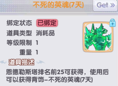 排名前25,则可以再额外获得一件背饰-不死的英魂(7天)的外观。
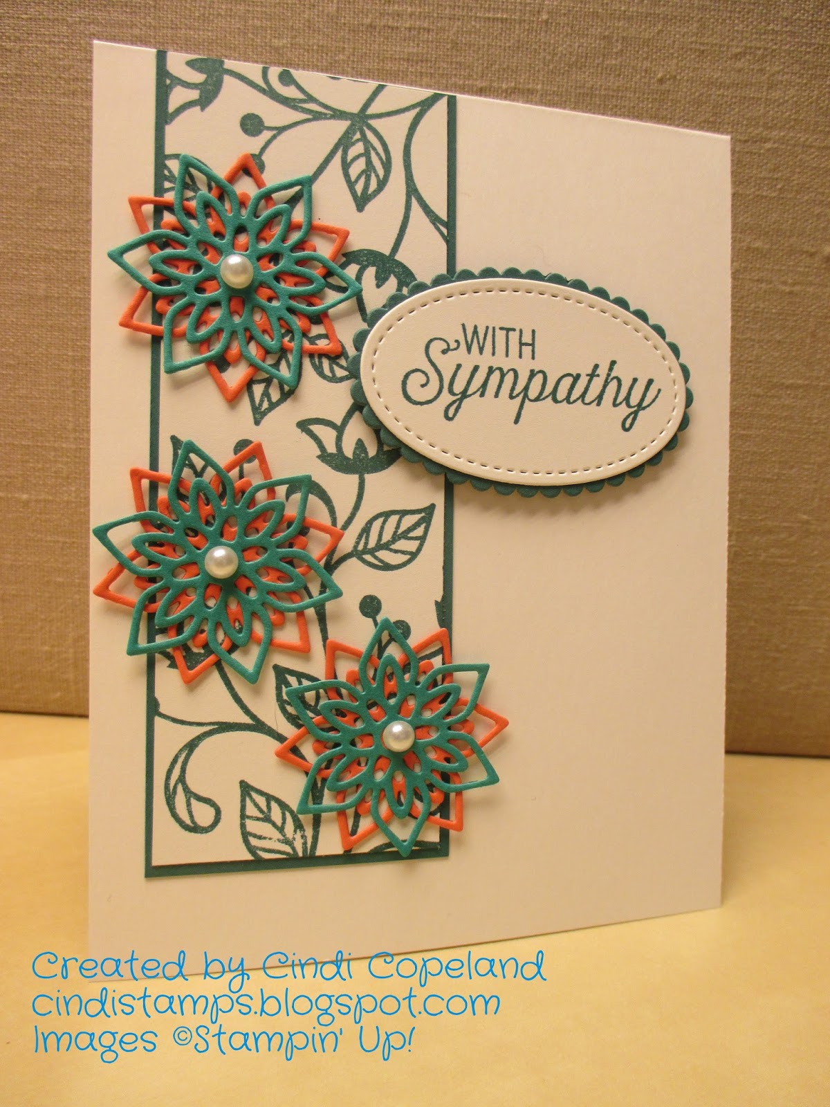 I wanted to try one of the new In Colors on this card, so I pulled out the Tranquil Tide ink and cardstock. I used the large stamp from Flourishing Phrases to create the side panel, then added flowers cut from Emerald Envy and Calypso Coral with pearl accents. The sentiment was stamped and cut with the Stitched Shapes oval and backed with a scalloped Layering Oval. I even refrained from adding ribbon to this one, because I wanted to keep it really simple.
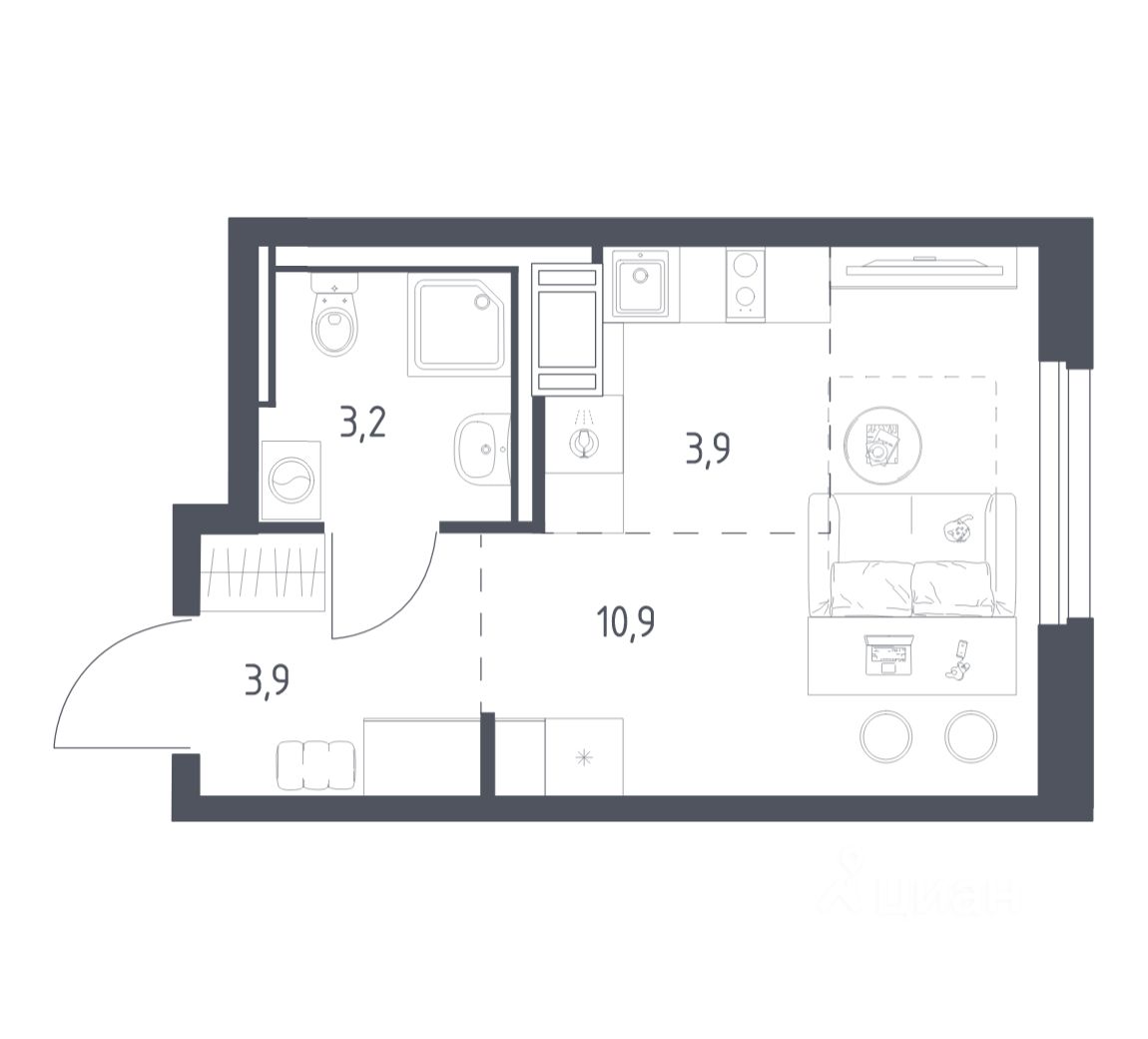 Жилая площадь10,9 м2
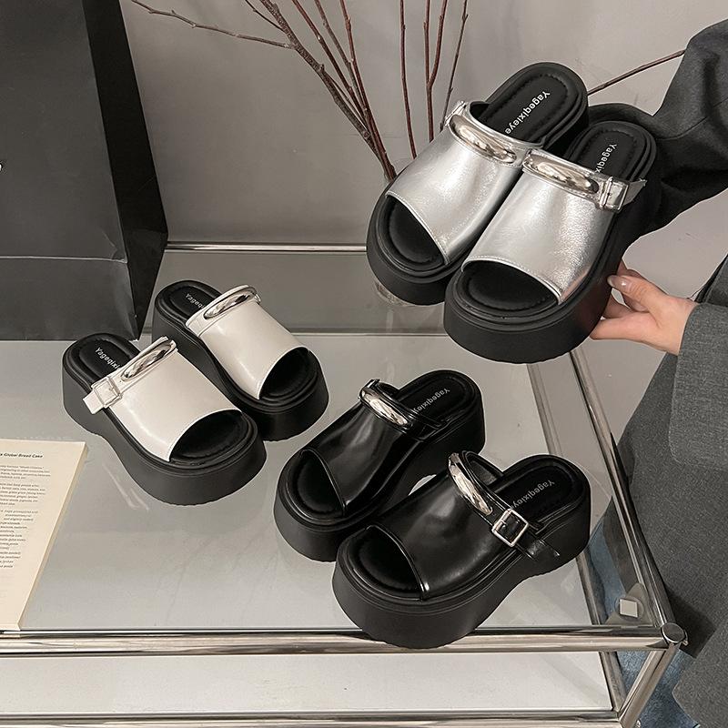 Small thick-bottomed cool slippers for women's outer wear 2025 summer new high-end metal buckle light bottom high-heeled sandals for women
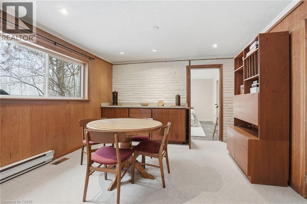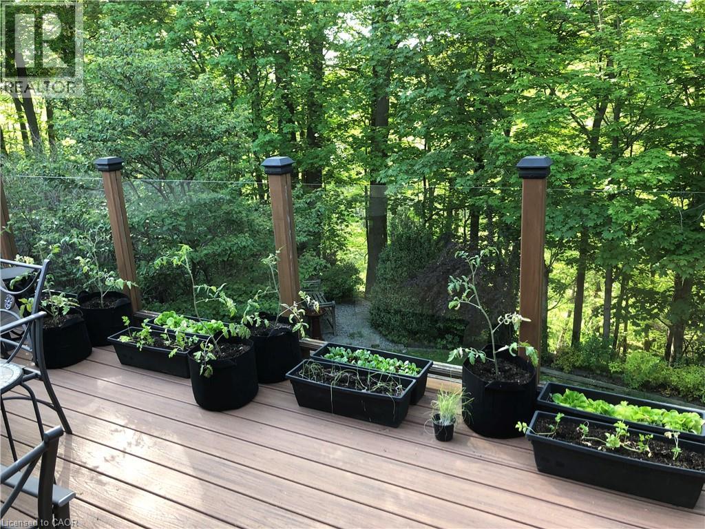 RARE OPPORTUNITY! Nestled on a quiet street w/ seamless access to both Ancaster & Dundas, this charming home offers a rare blend of functional living & a private connection to nature. Backing directly onto the prestigious Dundas Valley Conservation Area, the property is a sanctuary for local wildlife, where deer & birds are your most frequent neighbours. The main floor radiates character w/ its original hardwood flooring & a cozy gas fireplace, featuring 3 spacious bedrooms & updated 3-pc bath. Step through the patio doors onto the expansive deck (2018) to enjoy panoramic views of the lush greenery - the perfect spot for morning coffee or evening relaxation. The home is designed for versatility, boasting a full walk-out basement that serves as a complete in-law suite w/ stairs down from the front of the house as well. This lower level includes a 4th bedroom, a second 3-pc bath, & a rustic wood-burning stove that adds warmth to the living space. With its own set of patio doors leading to a professional interlock brick patio, the suite offers true independence & easy access to the outdoors. Practicality is woven throughout the property, from the shared laundry facilities to the impressive parking capacity, including a 2-car garage & a large driveway that fits 3 vehicles. Significant investments in the home’s infrastructure provide lasting peace of mind. The kitchen was tastefully updated in 2011, while the mechanical systems are well-maintained w/ the furnace & A/C installed in 2013. Most notably, the shingles were replaced in 2023, ensuring the home is protected for years to come. Baseboards provide a secondary heat source in the basement. Whether you are looking for a multi-generational family home, investment property or a peaceful retreat that feels miles away from the city while being minutes from every amenity, this property delivers an unmatched lifestyle in one of the region’s most beautiful settings. You must see the view to truly appreciate this opportunity! (id:64974)
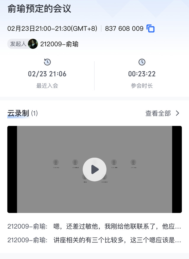 2023年2月23日,老司机论坛 研究生会于线上召开了春季学期第一次部门负责人及以上会议,会议主题为“春季学期工作安排”,由主席团成员俞瑜主持、秘书部负责人贾梁负责记录,应到7人、实到7人。
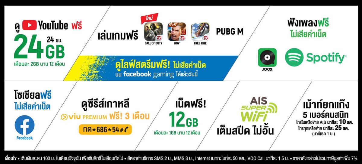 - ดู YouTube 24 GB ตลอด 24 ชม. (เดือนละ 2 GB/เดือน นาน 12 เดือน)
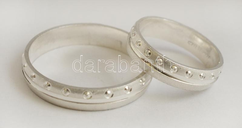 Beschreibung: Ezüst(Ag) mintás jegygyűrűpár (2 db), jelzett, méret: 49 és 66, nettó: 6,2 g
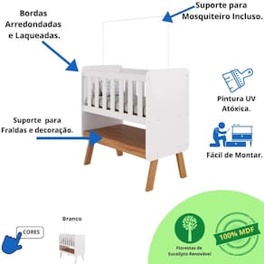 Dimensões do Mini Berço montado: Altura 91,5cm x Largura 86,8cm x Profundidade: 50cm
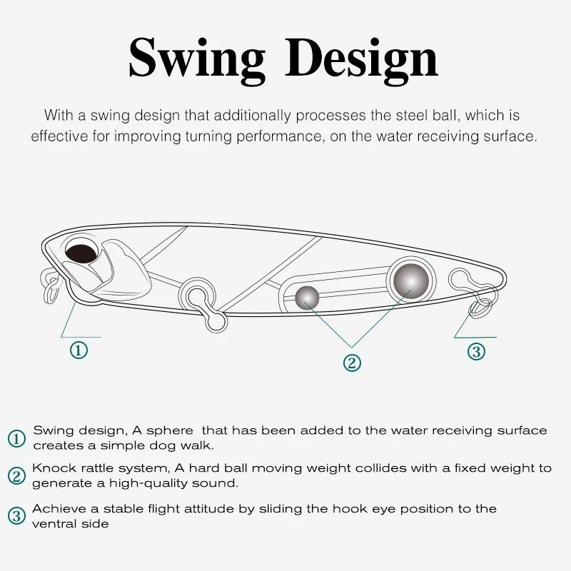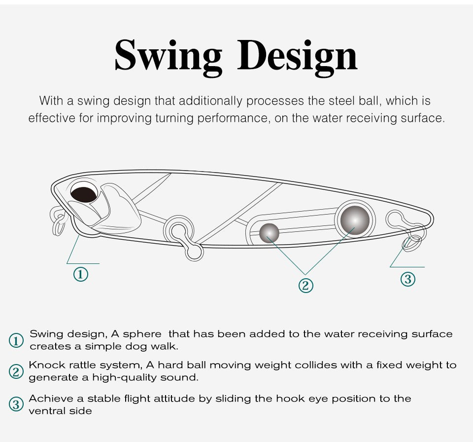 The 110F adopts a thin body, with a swing design that additionally processes the steel ball, which is effective for improving turning performance, on the water receiving surface. Anyone can easily produce a beautiful dog walk action.
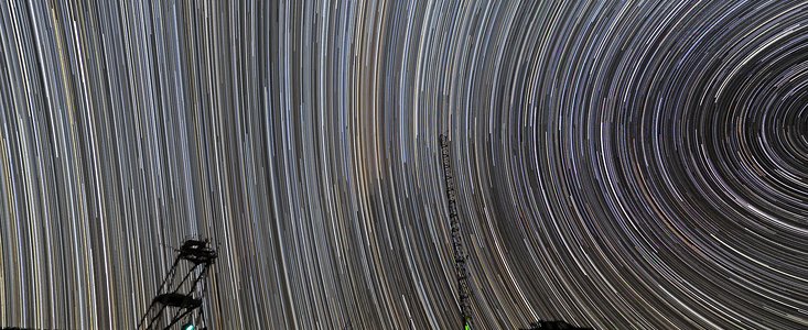 Хотя это изображение на первый взгляд похоже на произведение современного абстрактного искусства, на самом деле это результат длительной экспозиции ночного неба над плато Чахнантор в Северном Чили. Так как Земля вращается, звезды Млечного Пути над пустыней оставляют на кадре разноцветные треки, а высокотехнологичный телескоп на переднем плане кажется сказочной картинкой.
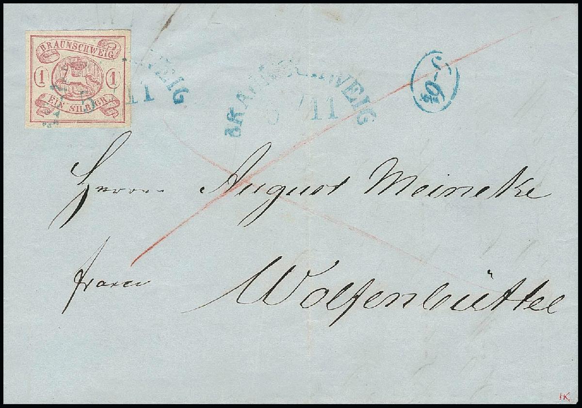 | Zusatzinformationen und Suchstichworte: | Rauhut & Kruschel - 213. Auktion 16. - 17. September 2022 Los 65 Altdeutschland Braunschweig 1 Sgr. lilarosa, breitrandiges Kabinettstück auf Faltbrief in seltener Inlands-Verwendung mit HK "Braunschweig" und nebengesetztem kleinem Stundenstempel nach Wolfenbüttel, wobei die 1 Sgr. als 9 Ggr. wertete. Seltene Frankatur, 1852. Sign. Krause und Attest Wilderbeek. Mi. 2000,- Zuschlag 700,00 EUR |
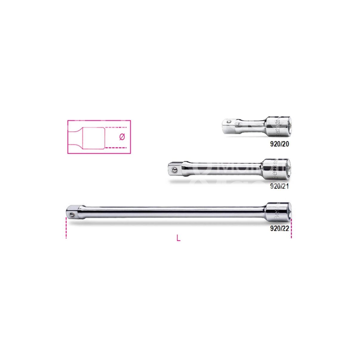 PROLUNGHE ATTACCO QUADRO BETA ART. 920/20 ART. 920/21 ART. 920/22 Attacco maschio femmina 1/2" Cromate
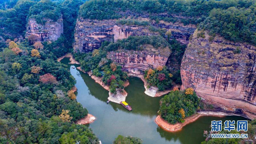 這是12月9日拍攝的福建省三明市泰寧縣大金湖景區(qū)的水上丹霞景觀(無(wú)人機(jī)照片)。新華社記者 姜克紅 攝
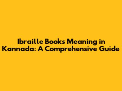 Ibraille Books Meaning In Kannada: A Comprehensive Guide
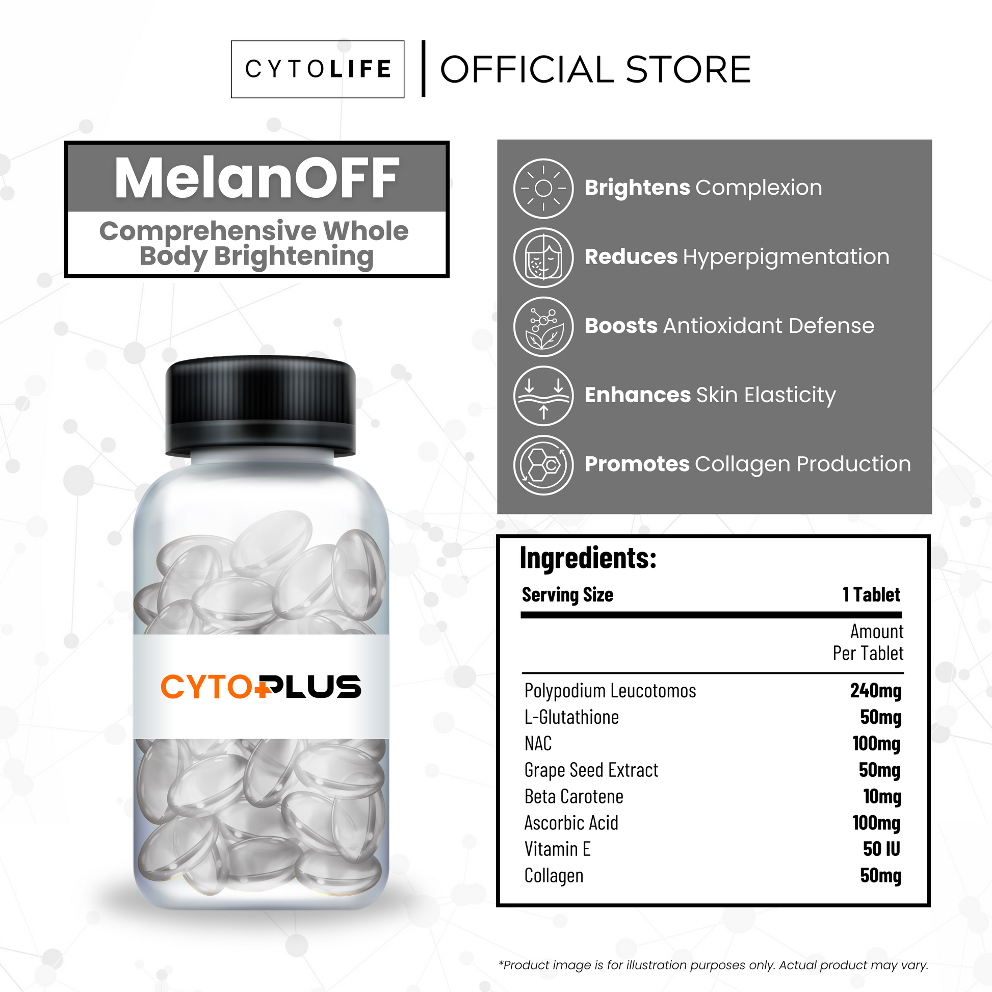 - Radiant Complexion is possible with CYTO PLUS as it promotes even skin tone, reduces pigmentation, and enhances your natural glow, resulting in a youthful and revitalized appearance.
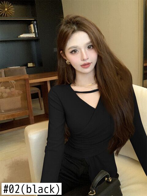 甘いホットガールクロス V ネック長袖 Tシャツ春不規則スリムフィットシックショートトップ ロング 大人ガーリー スウィート キュート カジュアル スプリング 春物 Vネック
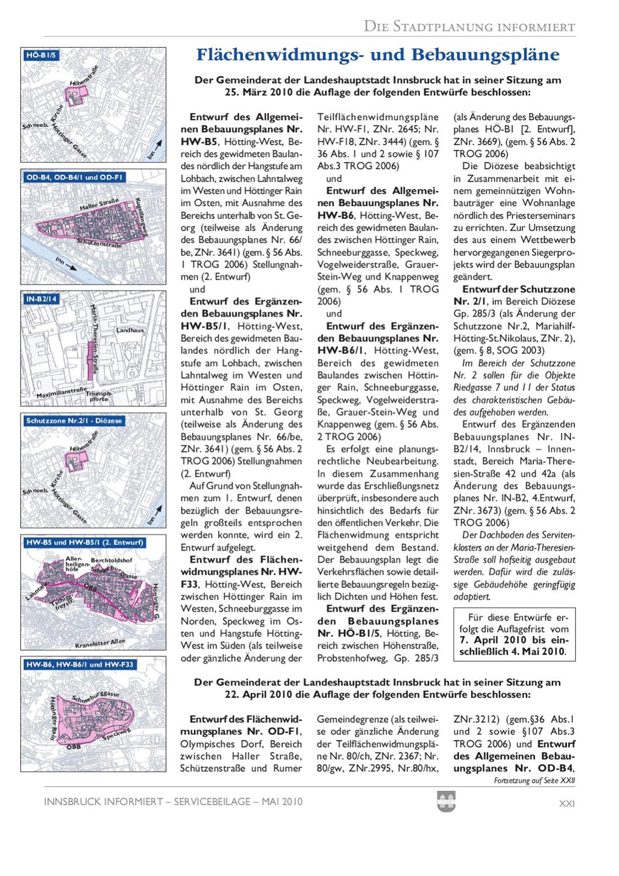Der Gemeinderat der Landeshauptstadt Innsbruck hat in seiner Sitzung am 22. April 2010 die Auflage der folgenden Entwürfe beschlossen:
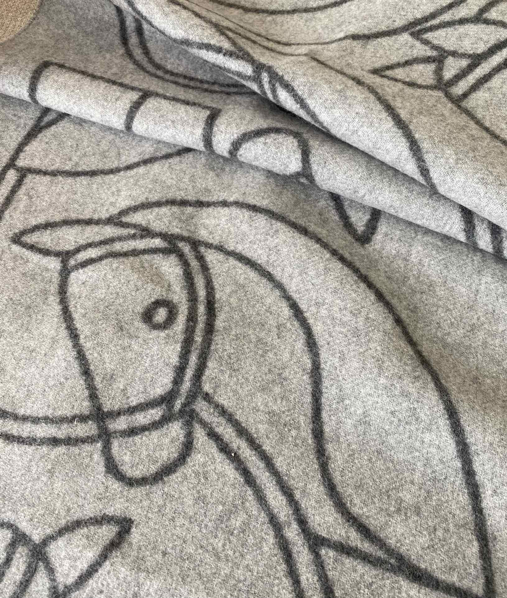 本スカーフはダブルサイド配色となっています。濃いグレーの面は紳士的な渋い雰囲気を醸し出し、ホワイトの面は高級感あふれる柔らかいトーンを呈しています。ジェフ・マックフェトリッジ(Geoff McFetridge)がデザインした「馬術インターリーブ」モチーフは、緻密なカラーブロックジャガード編みで表現され、優美でシンプルなラインが一層芸術的な雰囲気を高めています。保温性に優れた分厚い純cashmere素材を使用し、サイズも大きく実用性が高いユニセックスモデルで、男性も女性も着用可能です。
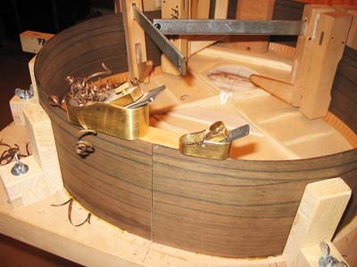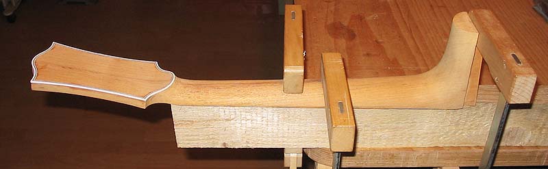 Fixing & glueing the Headblock. Preperation for installing the curved sides |

┄┄┄┄┄┄┄┄┄┄

* **TASK REQUIREMENTS**
Whenever a picture appears, leave it out, and return every record exactly.

* **EXERCISE RESPONSE**
 排名前25,则可以再额外获得一件背饰-不死的英魂(7天)的外观。
 I wanted to try one of the new In Colors on this card, so I pulled out the Tranquil Tide ink and cardstock. I used the large stamp from Flourishing Phrases to create the side panel, then added flowers cut from Emerald Envy and Calypso Coral with pearl accents. The sentiment was stamped and cut with the Stitched Shapes oval and backed with a scalloped Layering Oval. I even refrained from adding ribbon to this one, because I wanted to keep it really simple.
 Жилая площадь10,9 м2
 Small thick-bottomed cool slippers for women's outer wear 2025 summer new high-end metal buckle light bottom high-heeled sandals for women
 RARE OPPORTUNITY! Nestled on a quiet street w/ seamless access to both Ancaster & Dundas, this charming home offers a rare blend of functional living & a private connection to nature. Backing directly onto the prestigious Dundas Valley Conservation Area, the property is a sanctuary for local wildlife, where deer & birds are your most frequent neighbours. The main floor radiates character w/ its original hardwood flooring & a cozy gas fireplace, featuring 3 spacious bedrooms & updated 3-pc bath. Step through the patio doors onto the expansive deck (2018) to enjoy panoramic views of the lush greenery - the perfect spot for morning coffee or evening relaxation. The home is designed for versatility, boasting a full walk-out basement that serves as a complete in-law suite w/ stairs down from the front of the house as well. This lower level includes a 4th bedroom, a second 3-pc bath, & a rustic wood-burning stove that adds warmth to the living space. With its own set of patio doors leading to a professional interlock brick patio, the suite offers true independence & easy access to the outdoors. Practicality is woven throughout the property, from the shared laundry facilities to the impressive parking capacity, including a 2-car garage & a large driveway that fits 3 vehicles. Significant investments in the home’s infrastructure provide lasting peace of mind. The kitchen was tastefully updated in 2011, while the mechanical systems are well-maintained w/ the furnace & A/C installed in 2013. Most notably, the shingles were replaced in 2023, ensuring the home is protected for years to come. Baseboards provide a secondary heat source in the basement. Whether you are looking for a multi-generational family home, investment property or a peaceful retreat that feels miles away from the city while being minutes from every amenity, this property delivers an unmatched lifestyle in one of the region’s most beautiful settings. You must see the view to truly appreciate this opportunity! (id:64974)
 2023年2月23日,老司机论坛 研究生会于线上召开了春季学期第一次部门负责人及以上会议,会议主题为“春季学期工作安排”,由主席团成员俞瑜主持、秘书部负责人贾梁负责记录,应到7人、实到7人。
 - ดู YouTube 24 GB ตลอด 24 ชม. (เดือนละ 2 GB/เดือน นาน 12 เดือน)
 Beschreibung: Ezüst(Ag) mintás jegygyűrűpár (2 db), jelzett, méret: 49 és 66, nettó: 6,2 g
 Dimensões do Mini Berço montado: Altura 91,5cm x Largura 86,8cm x Profundidade: 50cm
 The 110F adopts a thin body, with a swing design that additionally processes the steel ball, which is effective for improving turning performance, on the water receiving surface. Anyone can easily produce a beautiful dog walk action.
 Хотя это изображение на первый взгляд похоже на произведение современного абстрактного искусства, на самом деле это результат длительной экспозиции ночного неба над плато Чахнантор в Северном Чили. Так как Земля вращается, звезды Млечного Пути над пустыней оставляют на кадре разноцветные треки, а высокотехнологичный телескоп на переднем плане кажется сказочной картинкой.
 | Zusatzinformationen und Suchstichworte: | Rauhut & Kruschel - 213. Auktion 16. - 17. September 2022 Los 65 Altdeutschland Braunschweig 1 Sgr. lilarosa, breitrandiges Kabinettstück auf Faltbrief in seltener Inlands-Verwendung mit HK "Braunschweig" und nebengesetztem kleinem Stundenstempel nach Wolfenbüttel, wobei die 1 Sgr. als 9 Ggr. wertete. Seltene Frankatur, 1852. Sign. Krause und Attest Wilderbeek. Mi. 2000,- Zuschlag 700,00 EUR |
 PROLUNGHE ATTACCO QUADRO BETA ART. 920/20 ART. 920/21 ART. 920/22 Attacco maschio femmina 1/2" Cromate
 這是12月9日拍攝的福建省三明市泰寧縣大金湖景區(qū)的水上丹霞景觀(無(wú)人機(jī)照片)。新華社記者 姜克紅 攝
 Ibraille Books Meaning In Kannada: A Comprehensive Guide
 - Radiant Complexion is possible with CYTO PLUS as it promotes even skin tone, reduces pigmentation, and enhances your natural glow, resulting in a youthful and revitalized appearance.
 甘いホットガールクロス V ネック長袖 Tシャツ春不規則スリムフィットシックショートトップ ロング 大人ガーリー スウィート キュート カジュアル スプリング 春物 Vネック
Der Gemeinderat der Landeshauptstadt Innsbruck hat in seiner Sitzung am 22. April 2010 die Auflage der folgenden Entwürfe beschlossen:
 本スカーフはダブルサイド配色となっています。濃いグレーの面は紳士的な渋い雰囲気を醸し出し、ホワイトの面は高級感あふれる柔らかいトーンを呈しています。ジェフ・マックフェトリッジ(Geoff McFetridge)がデザインした「馬術インターリーブ」モチーフは、緻密なカラーブロックジャガード編みで表現され、優美でシンプルなラインが一層芸術的な雰囲気を高めています。保温性に優れた分厚い純cashmere素材を使用し、サイズも大きく実用性が高いユニセックスモデルで、男性も女性も着用可能です。
 Fixing & glueing the Headblock. Preperation for installing the curved sides |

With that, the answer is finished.